WHAT IS PRE-ECLAMPSIA AT PREGNANCY?
Pre-eclampsia also known as toxaemia, is a disorder which typically occurs
after 20 weeks of pregnancy. Signs of pre-eclampsia are usually high blood pressure
combined with the presence of protein in the urine. However, in the absence
of protein in the urine, other symptoms may be present alongside high blood
pressure. These include headaches, blurred or altered vision, upper abdominal
pain, oedema (swelling of the face, wrists or ankles) or abnormal blood test
results. If left untreated pre-eclampsia can escalate to the more dangerous
condition, eclampsia. This results in fitting and in severe cases, death, in
the mother and sometimes the baby.
What causes pre-eclampsia?
Although pre-eclampsia has been recognised as a disorder for around 150 years,
its exact cause remains unknown. We know that 10-15% of women pregnant for the
first time will develop pre-eclampsia. We also know that women are more likely
to get pre-eclampsia if they have a close family relative with a history of
pre-eclampsia. Also, women who have had one pregnancy marked by the disorder
then have an increased chance (10-25%) of developing it in a subsequent pregnancy.
However, women with a previous normal pregnancy or pregnancies (no pre-eclampsia)
have less chance of developing it in subsequent pregnancies.
How Dangerous Pre-eclampsia?
Pre-eclampsia can be dangerous. High blood pressure can kill, and preeclampsia
can reduce the amount of blood passing through the placenta thus reducing the
air and food that reaches your baby, resulting in low birth weight and other
problems.
What is the Symptoms of Pre-eclampsia?
- High Blood Pressure: Usually defined as a reading higher
than 140/90. However, if you normally have low blood pressure, a rise to less
than 140/90 could indicate you are at risk. You can buy blood pressure gauges
from your chemist if you want to establish your baseline as soon as you know
you are pregnant.
- Swelling: A certain amount of swelling is normal during
pregnancy and you may find it difficult to wear a ring for the full term.
Swelling, or edema, that could provoke concern is caused by excess fluid and
usually appears in the face, legs and hands. Try pressing your thumb into
the swelling, if the indentation remains for a few seconds after you remove
your thumb, tell the nurse at your next prenatal visit.
- Protein In Your Urine: This is not a symptom you will be
able to spot or monitor. You will be tested at each prenatal check-up.

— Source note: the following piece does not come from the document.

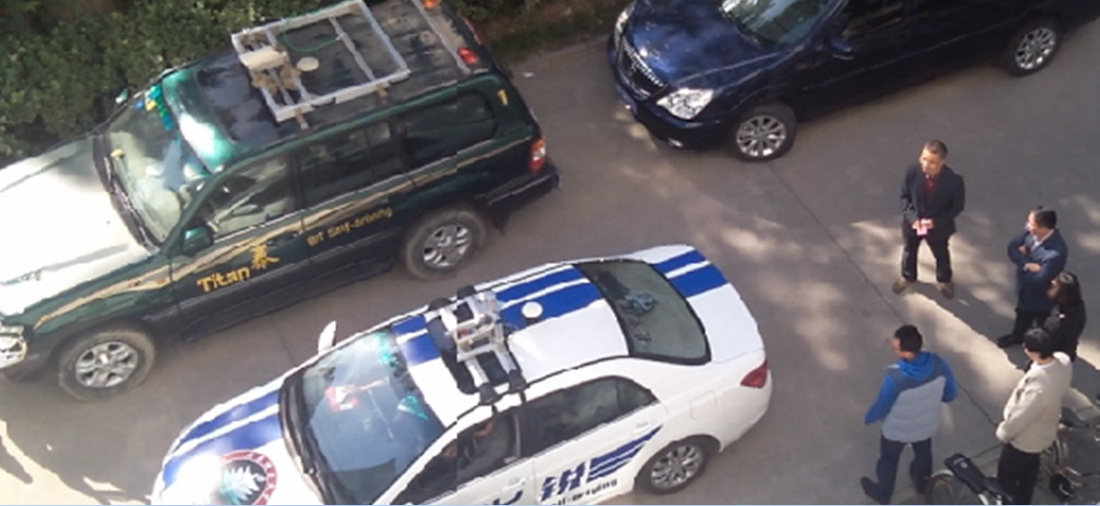 隨后,陳慧巖教授帶領二宮教授一行參觀了智能車輛研究所,并安排Ray無人駕駛汽車(該車獲得2013年“中國智能車未來挑戰賽”冠軍)進行全自主泊車表演。二宮教授、加藤副教授饒有興趣地坐在無人車后座上觀看。

- Sudden Weight Gain: An increase in your weight of more
than 2 pounds (0.9kg) in a week or 6 pounds (2.75kg) in a month will ring
alarm bells. If your weight is increasing at that sort of rate, don't diet
or try to lose the weight. Tell the experts at your prenatal, it is important
that they know and let the nurse or doctor judge whether you are likely to
have preeclampsia.
- Headaches: If you suffer from migraine-like headaches which
are not relieved by over-the-counter pain killers (do not take aspirin), contact
your doctor immediately.
- Vomiting: The nausea that all mothers experience occurs
early in pregnancy and goes away. If you experience sudden vomiting in the
second half of your pregnancy, contact your doctor. Of course this could just
be a bug, but your doctor will check your blood pressure and urine to see
if you have other symptoms of preeclampsia.
What are the implications?
If a woman shows symptoms of pre-eclampsia at any stage during her pregnancy,
she will be monitored carefully. Sometimes, a woman will have to be admitted
to hospital so that her symptoms, especially blood pressure, can be managed
closely. The presence of pre-eclampsia may mean labour needs to be induced early
to stop it escalating to eclampsia. At least 15% of all pre-term births are
a result of this. Babies born to mothers with pre-eclampsia may also be small
for gestational age because their growth may have been affected by the disorder.
It is estimated that around 1,000 babies in the UK die each year from the effects
of pre-eclampsia. In the most serious cases of pre-eclampsia, where the disease
does escalate to the condition eclampsia, a woman might suffer fits, liver and
kidney failure, difficulty breathing, and/or problems with blood clotting. Seven
women in the UK die each year from the effects of pre-eclampsia, and worldwide
it is responsible for the death of over 200,000 women each year.
What can be done to treat pre-eclampsia?
Doctors can give drugs to alleviate some of the symptoms, but the only cure
for pre-eclampsia is to deliver the baby and the placenta. It is therefore the
cause of around 15% of premature births.
Higher risk factors
The risk of developing pre-eclampsia is higher in women carrying multiple pregnancies
(twins or triplets). And while women with previous normal pregnancies have less
chance of developing pre-eclampsia in subsequent pregnancies, mothers who start
another family with a new partner, have the same risk as women pregnant for
the first time. It is also accepted that women over 35 are at a higher risk.